Читаем Что посмеешь, то и пожнёшь полностью

Слепляя с запястья цепкие пальцы, высвобождая руку из слёз, Святцев с плохо скрываемой раздражительностью назидательно бормотал:

– Я не Никита Михалыч… Александр Александрович я… Святцев…

Иван насторожился.

Почему Катя зовёт человека, которого здесь вовсе и нет? Не Никита ли этот Михалыч заслонил его перед Катей?

Иван спросил сестру:

– Кто такой Никита Михалыч?

– Старый, видалый хирург.

Иван приподнял бровь, узнав, что Никита Михалыч сам лежит в четвёртой палате. Видалый и – болен! Лежит в больнице!

Вот тебе на…

Каждый в округе ловчил угадать к Никите Михалычу. По кусочкам ведь склеивал. Живут! А вчера самого прищемило сердчишко в этой же операционной. Чуть не слетел на пол со скальпелем.

– Гле-е-е… Никит Михал… жи-ить!.. Ники Ми… жи-ить!.. Ни…

Иван нетвёрдо подшагнул к Святцеву.

– Доктор! Несчастный вы помощничек смерти! А вам не кажется, раз больная зовёт Никиту Михалыча, то вам она не доверяет?

– Не хотите ли вы сказать, что она доверяет только вам? – с ядом резнул Святцев.

– Я в положении вне игры. Но если она зовёт Никиту Михалыча, так и со сна подавайте его сюда. Не забывайте, товарищ мясник в глаженом халатике, условие прежнее.

Из глубины коридора донеслось слабое постукивание.

Мария Онуфриевна выглянула за дверь.

– Никита Михалыч! Про вас речь, а вы навстречь!

– Только навстречу, Машенька, только навстречу! – страдающе просиял Никита Михалыч, робко радуясь тому, что вот встал и с палочкой, по стеночке, волоча ноги, а сумел-таки самостоятельно докулюкать. – Нипочём не усну… Слышу: машина, голоса… Беду привезли… Думаю, надо пойти посмотреть. Может, чем буду в пользу.

Однако старый хирург уже ничем не мог помочь.

Катя умерла, не приходя в себя, умерла с тихим последним вопросом:

– Так… никто… и не сбросит… снег с хризантем?..

Иван закрыл Кате глаза, ждущие ответа, в первый раз поцеловал.

Только тут Ивана заметил Никита Михалыч.

Помрачнел.

– Молодой человек! Вы-то что здесь потеряли?

– Что и он… – Вмельк глянул Иван на Святцева. – Всё!

Растерянный Святцев покосился на Ивана:

– Поменьше хлопотунов… Оно б и лучше…

Иван выстыл лицом:

– Так звоните в лягавку.

Святцев хотел прощённо улыбнуться – только кисло пожмурился.
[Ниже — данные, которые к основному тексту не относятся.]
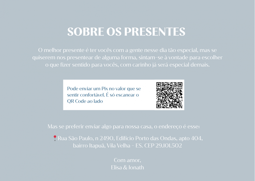 Queremos muito viver esse momento com vocês. Nossa celebração será rápida, mas cheia de significado , e acontecerá pontualmente, às 15h00 no dia 02 de Maio de 2026. Esperamos por vocês para celebrar o amor, a fé e o começo de uma nova etapa, com o coração em festa.
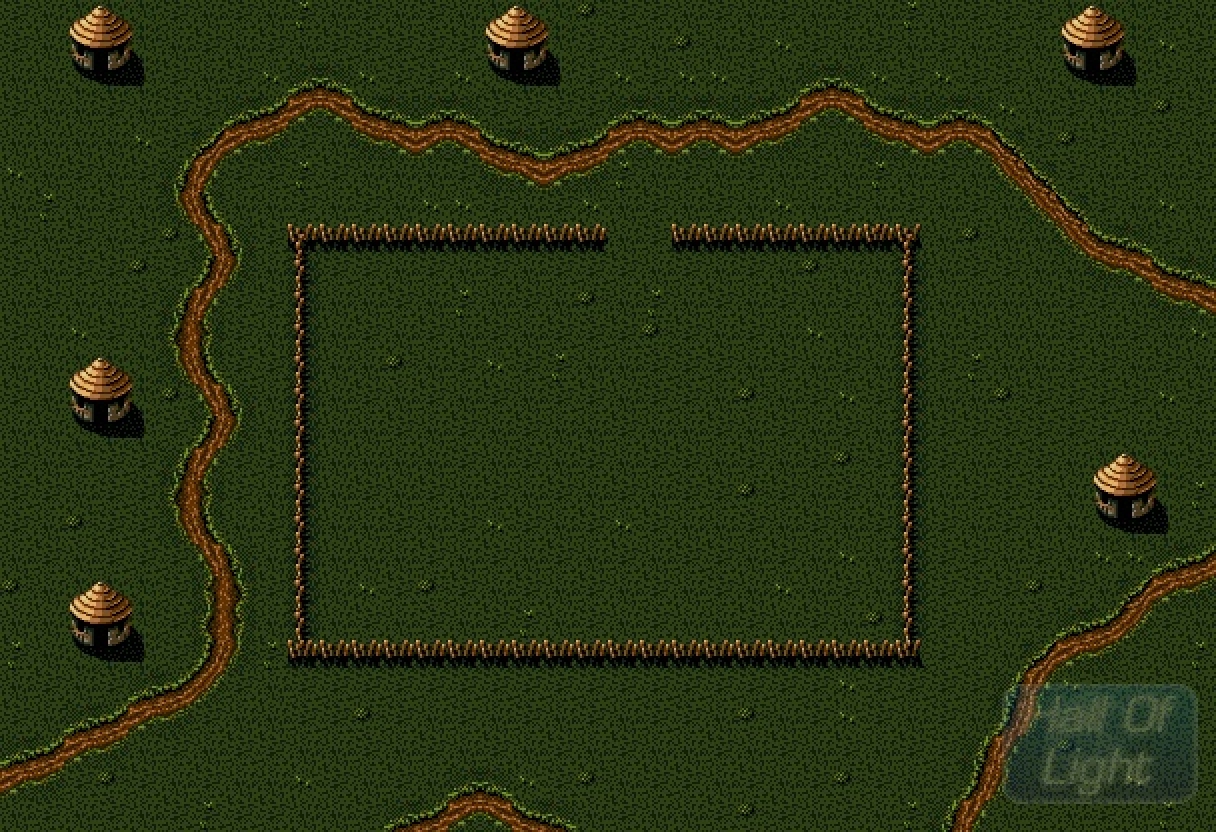 Background: This is a bit of a cheap level, to be honest. I liked the fence maze, which reminded me of those "Which wobbly walk through the bushes is George Best's bottle of vodka hidden at the end of?" drawings in children's puzzle books, but it's really only there to waste the player's time. If you take the natural route of looking at the top first, then going clockwise, you'll have had to do a lot of fighting, and probably have lost your trooper and had to restart many times, before you actually find the damsel. I can't remember whose mother she was supposed to be either. Let's say, oh... Oliver Cromwell.
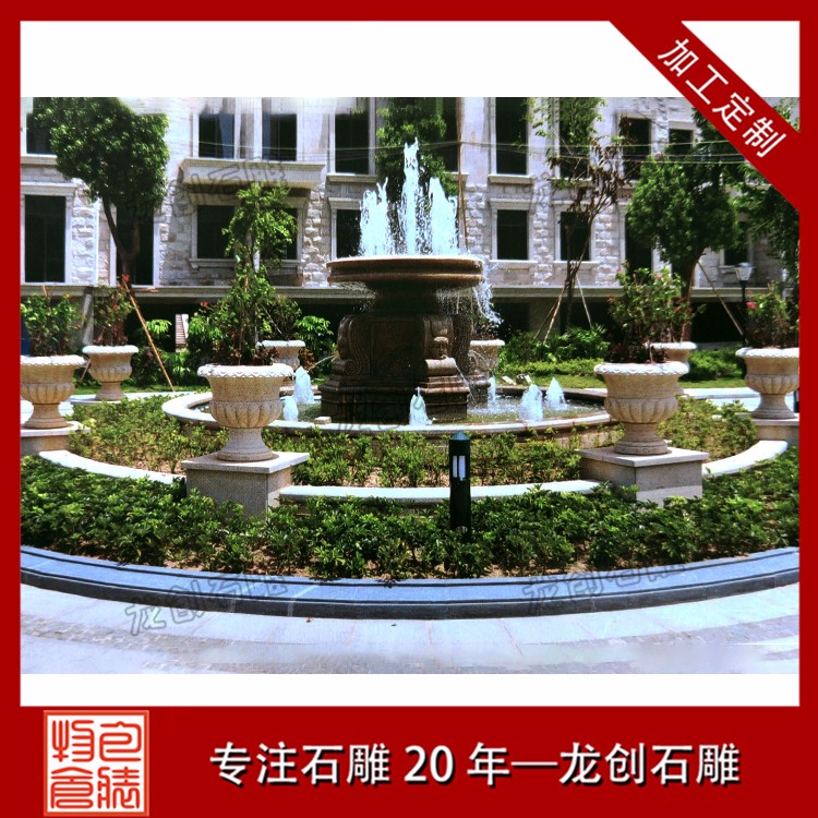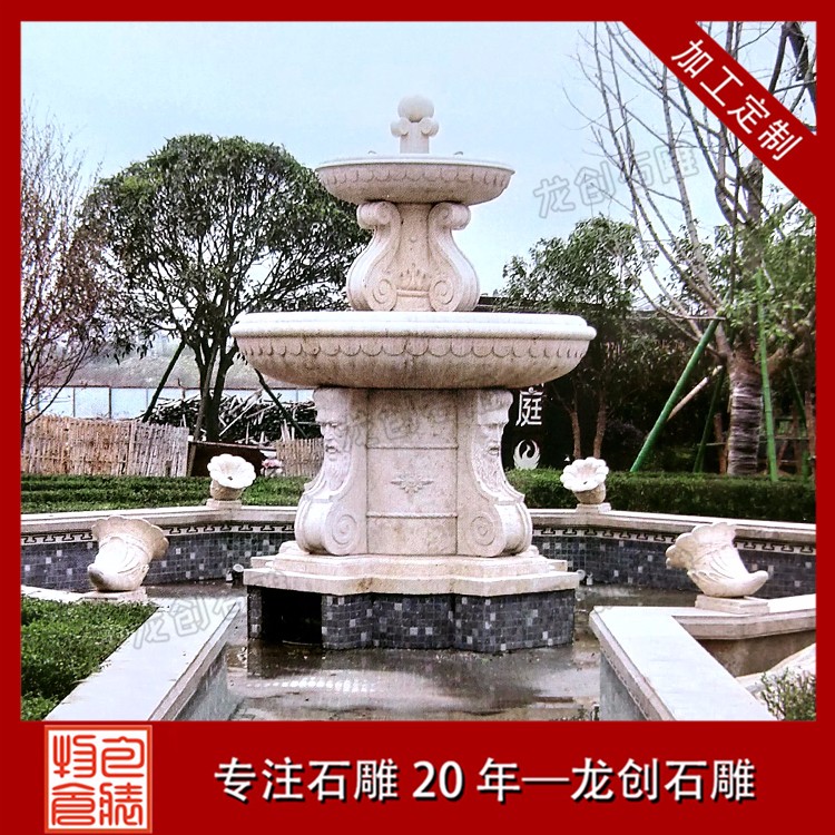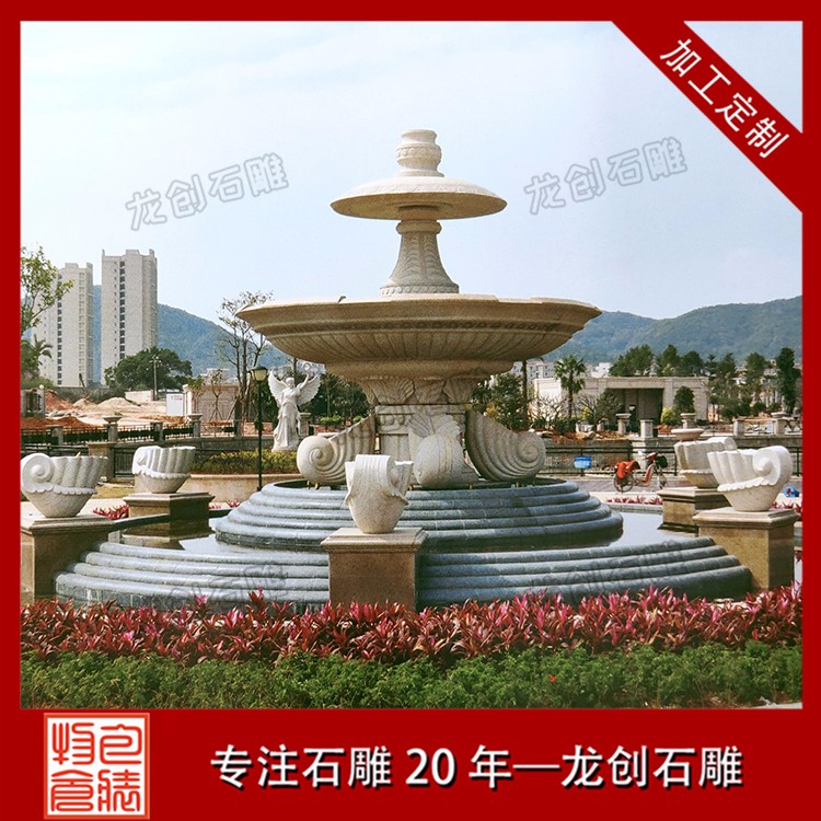 園林景觀石雕噴泉水缽雕塑是一自然景觀,受到水的壓力向上噴,又往下降落,行成噴泉水景。人們認為噴泉源于古希臘飲用泉,后來發展成與神像雕塑相結合的石雕噴泉雕塑和裝飾性噴泉景觀,還有的認為是來自西班牙的沐浴泉,中式園林中的噴泉多為跌水、涌泉‘滾水等自然式噴泉,在廣場,展會會館,酒店飯店門口則是以圓形噴泉為主,一般是雙層及以上噴泉水缽雕塑,需要展示噴泉景觀的美與華麗。

– Зачем же? – уклончиво возразил он. – Я не видел вас, не слышал… Можно тем же порядком, – еле заметно качнул бровями в сторону окна, – что и сюда…

Говорил Святцев одними губами.

Напрасно Никита Михалыч напрягал слух, пытаясь понять, что же такое потаённое сорочил Святцев; недоумевающе перекинул взгляд со Святцева на Ивана.

Иван показывал на черневший в предбаннике телефон:

– Звоните! Не то!.. Слизняк!..

Хмыкнув и коротко раскинув руки, мол, раз требуете, не смею не повиноваться, Святцев привычно, легко набрал ноль.

Но двойка ему не давалась.

Он долго никак не мог попасть пальцем в нужную ямку.

В нетерпенье Иван оттёр его локтем от телефона, выкружил ноль-два.

– Милиция! – отозвался ясный голос. – Дежурный сержант Коренной.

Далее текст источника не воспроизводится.